Dolió. ¿Acababa de sentir algo? Miré una vez más arriba y en esta ocasión mi corazón sintió el ardor de mil hogueras y las lágrimas y los mocos dejaron mi cara babosa. Había sido la primera víctima del vórtex en mi familia. Sólo que yo lo llevaba dentro. Cerré los ojos y estaba en otra parte. Mi mamá cantaba con su dulce voz desde las nubes que se alzaban por encima. Oía a mi hermano hacer bromas, mi padre reírse. Estábamos haciendo espagueti. Sin duda olía a espagueti.
Abrí los ojos y Oriana comenzaba a subir las escaleras rosas de espuma. Sólo veía su espalda pero sabía que lloraba. Tomé su mano, se la arrebaté a nuestro enemigo y ambas aterrizamos violentamente en la azotea, abriendo nuestras rodillas, que quedaron llenas de una sangre que parecía mermelada de fresa. Llovía y su oscuro cabello se pegaba al cuello.

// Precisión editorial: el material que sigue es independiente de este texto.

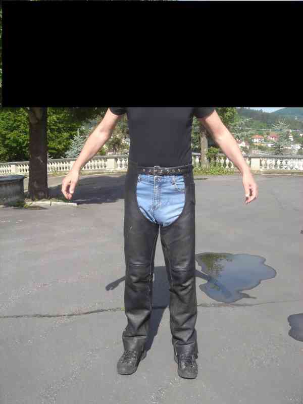 Kožené chaps, rozepínací nohavice po stranách, velmi kvalitní, na vysokého muže 190 - 200 cm - nové
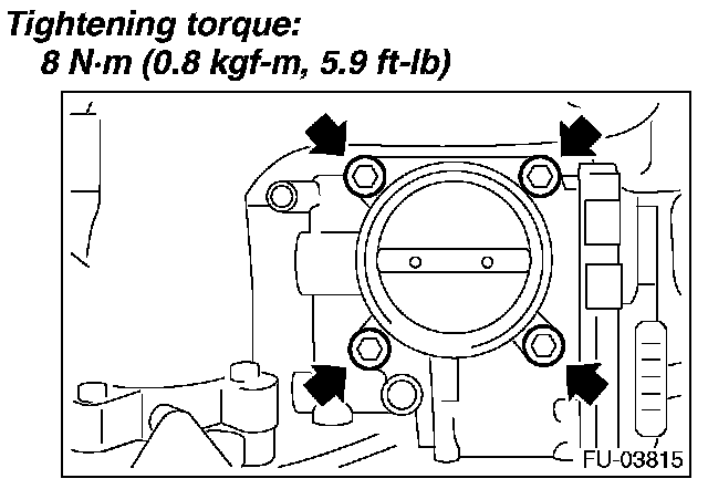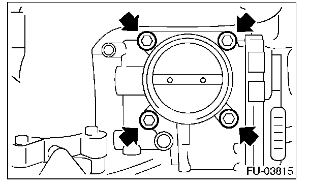 12. Remove the bolts which secure the throttle body to the intake manifold, and remove the throttle body.

-Creo que lo vencimos.- dijo riéndose.
-Al menos lo hicimos enojar.- respondí.
Nos quedamos un rato mojándonos en la lluvia, viendo el lujoso condominio desde arriba. Cuando la tormenta pasó, los niños salieron a saltar en los charcos y correr por todas partes, resbalándose en el suelo empapado.
Comíamos la misma comida, nos lavábanos los dientes al mismo tiempo, y nos bañábamos juntas. Aunque las reservas del palacio se habían acabado, comíamos juntas también. Habíamos aprendido a cocinar, a robar comida para cocinar y a racionar. También íbamos en la misma parte de la saga y leíamos en voz alta.
A veces sentía. A veces gritaba y lloraba en la ducha bajo el agua caliente como un abrazo. Sabía que un pedazo del vórtex seguía en mí y que nunca podría expulsarlo del todo. Tendría que lidiar con el intruso que habitaba mis entrañas el resto de mi vida. Tendría que esforzarme por no ser absorbida por completo, que a veces parecía lo más sencillo.
Esperaba que mi mamá hubiera recibido mi carta de alguna manera. Es más fácil lanzarse al vórtex que permanecer fuera. Pero si algún día Ofelia lograba salir de ahí yo la estaría esperando en nuestro palacio. Mientras tanto sólo podía intentar ser tan cautivadora como la recordaba. Cada gesto lleno de elegancia y una gracia que nunca supe cómo adquirió.
Lo que quedaba del vórtex en mí me haría hacer cosas cada vez más peligrosas para alimentar su sed de sentir. Pero el resto del tiempo asistía a clases y me esforzaba por estudiar. En las noches me escapaba del palacio en busca de otras cosas. El vórtex tenía una sed carnívora que me movía más que nada. Cada vez que era satisfecho me sentía un poco más cerca de mi familia, pero sobre todo un poco más cerca de Ofelia.
Ella también había llevado ese alquitrán dentro antes de partir. Sólo que yo era muy pequeña para notarlo. Probablemente sabía que el vórtex se había llevado a mi padre y se llevaría a mi hermano y era eso a lo que le temía.
¿Por qué Oriana y yo habíamos permanecido? Éramos recipientes resilientes. Hacía todo lo que mis impulsos más oscuros me dictaban y a cambio esperaba que algún día regresara ella.